Can life-long learning contribute to positive health? National College of Art (NCAD) adult students John Brennan, Winnie Ryan and Andrew Wortley believe it can, and are just three of an estimated 300,000 people, according to Aontas, who return to school each year to learn, develop skills and help de-stress. As autumn enrolment brochures from institutions nationwide appear in shops, libraries and websites, more may consider this work/life balance idea.

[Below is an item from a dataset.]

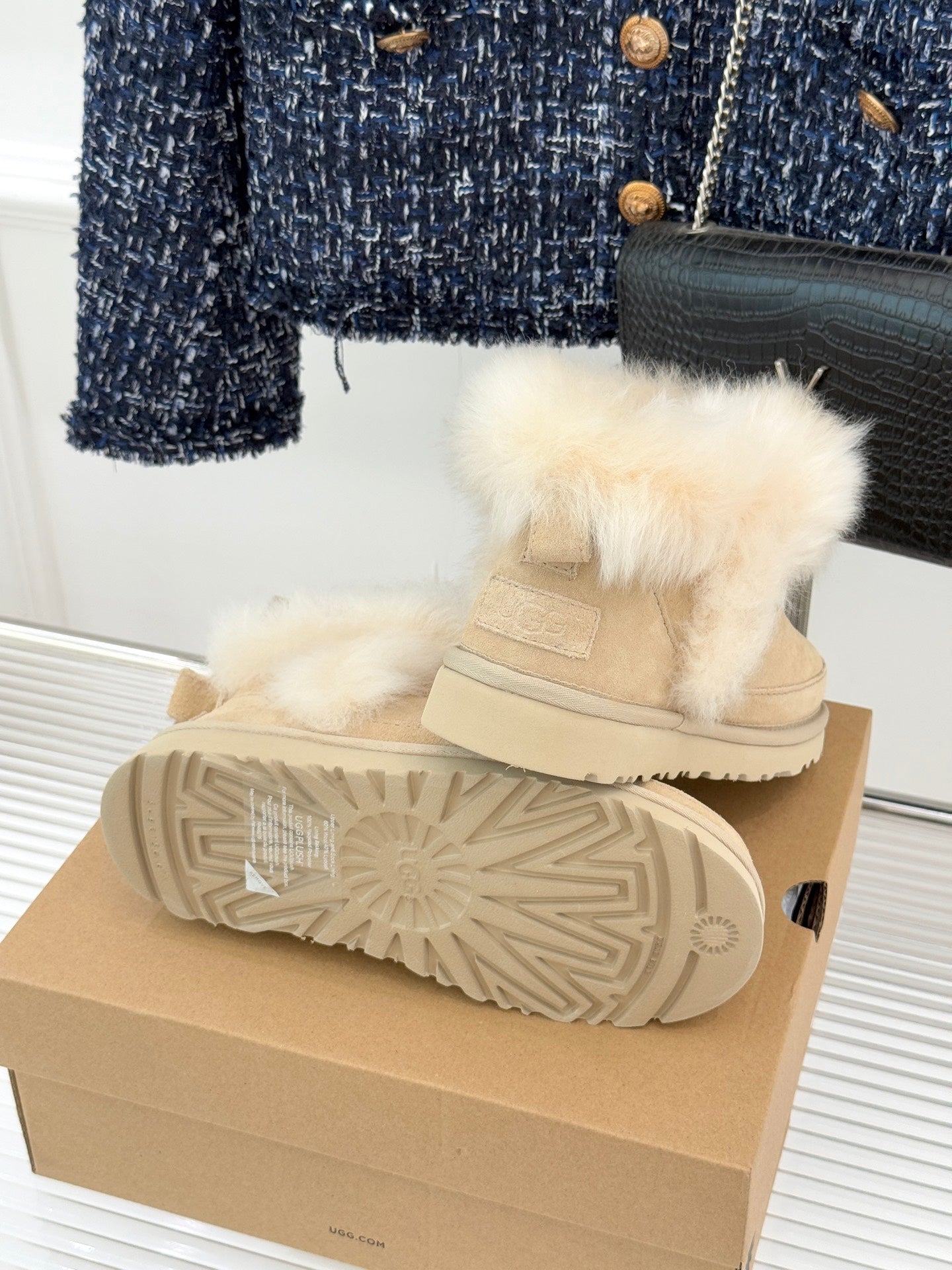 UGG Classic Ultra Mini Chalet Boots Muted Beige Suede Sheepskin Cuff 517489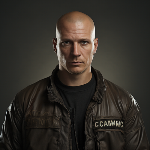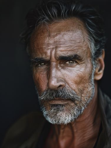 hyper-realistic photograph of a strong, virile 50-year-old Brazilian man with a confident gaze, light tan skin, and well-groomed, slightly graying beard, conveying masculinity and authority. Styled in a way that evokes the charisma of iconic characters from Peaky Blinders, Sons of Anarchy, Breaking Bad, and The Godfather, with an intense, reflective expression. Lighting is dramatic, with subtle chiaroscuro highlighting the contours of his face. Shot with a Leica 50mm, Kodak Portra 800, f/1.4, for a moody, cinematic effect. --ar 3:4 --v 6.0

John Brennan, mid-fifties, is a social worker in age-related healthcare at Tallaght Hospital with a degree in health management, a master's in social work, and a love of painting and drawing. He's been taking life drawing and painting classes for almost 20 years, enrolled in NCAD's night course in fine arts three years ago, is now in Advanced 2 and already sharpening his pencils for October.

"At the moment, my drawing has gone to pot. You have to keep practising, keep up your observation, your hand/eye co-ordination, your confidence. One term that kept cropping up lately was mark making, making your own unique mark on the page according to how you see, observe, translate.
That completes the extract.